# REQUIRED ACTION:
Return, without pictures, the lines from the start of the data through the one that contains "TH03072 18TPI 5’li Bi-Metal Testere Bıçağı".

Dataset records
----------
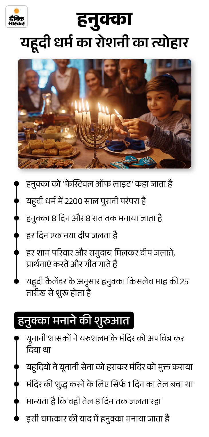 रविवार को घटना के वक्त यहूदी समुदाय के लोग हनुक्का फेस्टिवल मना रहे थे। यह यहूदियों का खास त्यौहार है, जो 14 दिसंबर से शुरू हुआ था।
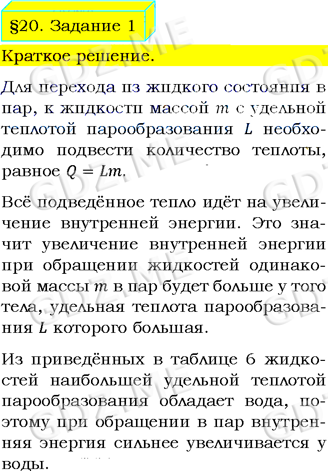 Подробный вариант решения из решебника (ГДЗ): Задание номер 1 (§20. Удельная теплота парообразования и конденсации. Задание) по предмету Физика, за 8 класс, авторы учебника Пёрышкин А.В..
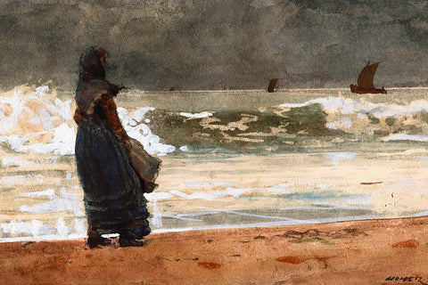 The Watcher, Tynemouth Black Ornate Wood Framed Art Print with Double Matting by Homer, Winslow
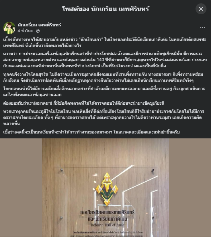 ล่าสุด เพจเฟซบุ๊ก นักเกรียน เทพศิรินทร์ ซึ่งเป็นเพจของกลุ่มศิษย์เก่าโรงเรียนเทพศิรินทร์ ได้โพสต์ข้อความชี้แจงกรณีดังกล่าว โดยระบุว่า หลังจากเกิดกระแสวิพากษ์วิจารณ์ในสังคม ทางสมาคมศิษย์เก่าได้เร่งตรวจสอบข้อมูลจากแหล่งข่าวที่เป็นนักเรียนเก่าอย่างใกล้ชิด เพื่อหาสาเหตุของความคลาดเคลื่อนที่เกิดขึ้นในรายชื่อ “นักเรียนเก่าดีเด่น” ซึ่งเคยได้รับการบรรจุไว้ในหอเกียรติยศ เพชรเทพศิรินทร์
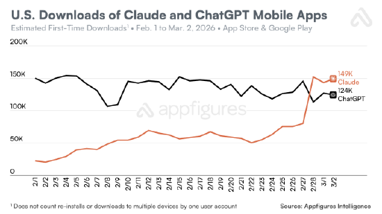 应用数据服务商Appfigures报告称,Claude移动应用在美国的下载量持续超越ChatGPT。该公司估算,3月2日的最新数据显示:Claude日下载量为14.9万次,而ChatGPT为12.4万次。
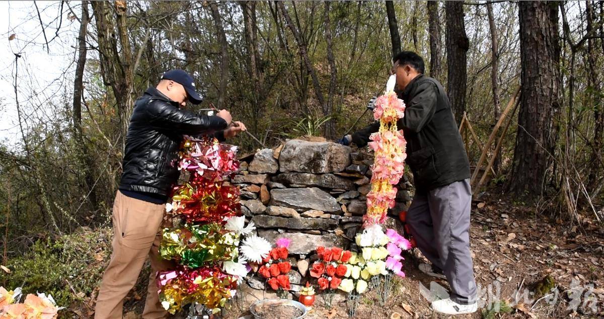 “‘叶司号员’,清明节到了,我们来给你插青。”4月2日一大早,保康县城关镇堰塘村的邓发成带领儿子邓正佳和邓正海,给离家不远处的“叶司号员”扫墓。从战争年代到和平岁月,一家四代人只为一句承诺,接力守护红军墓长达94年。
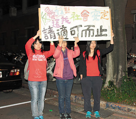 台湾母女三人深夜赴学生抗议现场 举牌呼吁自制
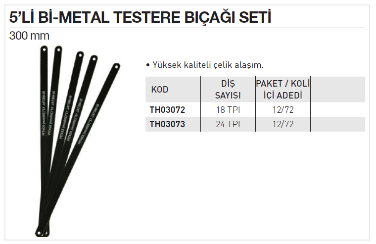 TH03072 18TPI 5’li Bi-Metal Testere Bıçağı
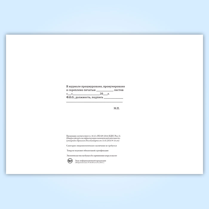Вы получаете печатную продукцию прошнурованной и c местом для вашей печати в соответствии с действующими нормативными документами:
----------
# YOUR SOLUTION:
 रविवार को घटना के वक्त यहूदी समुदाय के लोग हनुक्का फेस्टिवल मना रहे थे। यह यहूदियों का खास त्यौहार है, जो 14 दिसंबर से शुरू हुआ था।
 Подробный вариант решения из решебника (ГДЗ): Задание номер 1 (§20. Удельная теплота парообразования и конденсации. Задание) по предмету Физика, за 8 класс, авторы учебника Пёрышкин А.В..
 The Watcher, Tynemouth Black Ornate Wood Framed Art Print with Double Matting by Homer, Winslow
 ล่าสุด เพจเฟซบุ๊ก นักเกรียน เทพศิรินทร์ ซึ่งเป็นเพจของกลุ่มศิษย์เก่าโรงเรียนเทพศิรินทร์ ได้โพสต์ข้อความชี้แจงกรณีดังกล่าว โดยระบุว่า หลังจากเกิดกระแสวิพากษ์วิจารณ์ในสังคม ทางสมาคมศิษย์เก่าได้เร่งตรวจสอบข้อมูลจากแหล่งข่าวที่เป็นนักเรียนเก่าอย่างใกล้ชิด เพื่อหาสาเหตุของความคลาดเคลื่อนที่เกิดขึ้นในรายชื่อ “นักเรียนเก่าดีเด่น” ซึ่งเคยได้รับการบรรจุไว้ในหอเกียรติยศ เพชรเทพศิรินทร์
 应用数据服务商Appfigures报告称,Claude移动应用在美国的下载量持续超越ChatGPT。该公司估算,3月2日的最新数据显示:Claude日下载量为14.9万次,而ChatGPT为12.4万次。
 “‘叶司号员’,清明节到了,我们来给你插青。”4月2日一大早,保康县城关镇堰塘村的邓发成带领儿子邓正佳和邓正海,给离家不远处的“叶司号员”扫墓。从战争年代到和平岁月,一家四代人只为一句承诺,接力守护红军墓长达94年。
 台湾母女三人深夜赴学生抗议现场 举牌呼吁自制
 TH03072 18TPI 5’li Bi-Metal Testere Bıçağı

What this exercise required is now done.